The Rising Star Interns had a great time at the Farm to Fork dinner! We assisted Katelyn Brinkerhoff, Horticulture Educator with a focus on local foods, plan some of the night with our 64 guests. We also had the chance to speak about our experience so far this summer and share which local vendors were used for each part of the dinner. The room was nicely decorated with centerpieces scattered using mason jars, a candle, and some fresh dill from our teaching garden.
The Tucker Hill Vineyards gave a great tour to the guests, provided a beautiful space, and a wine tasting. Barry (co-owner of the Vineyard) also gave a great demonstration of the tools used in order to go from grape to wine. M's on Fourth provided a tasty dinner using local foods from some of the Sioux City Farmers Market Vendors.

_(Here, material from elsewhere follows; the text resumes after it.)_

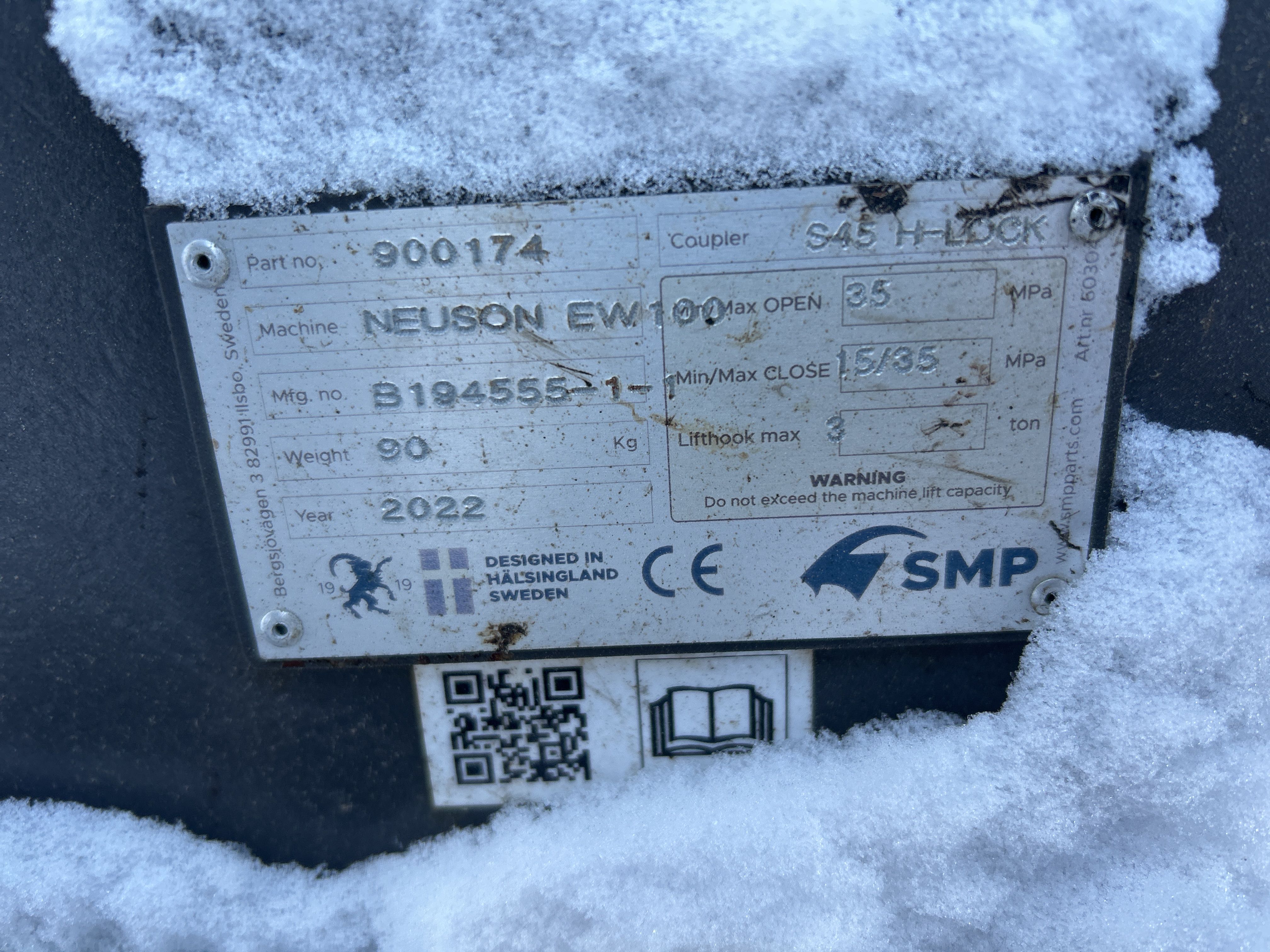 SMP S45 H-LOCK quick coupler mounted

The dinner was a starter of beet and berries salad with feta and a red wine vinaigrette made with wine from Tucker Hill Vineyards. Followed by the second course of pork tenderloin medallions with spiced Templeton Rye & honey glaze, sweet corn succotash and goat cheese mashed potatoes. For dessert, guests enjoyed an apple & aronia berry crisp with vanilla bean ice cream!
In addition to the night, we gifted a basket with an assortment of vegetables from our garden to one of our lucky guests!
Thank you to everyone that was able to come out and join us for the Farm to Fork Dinner!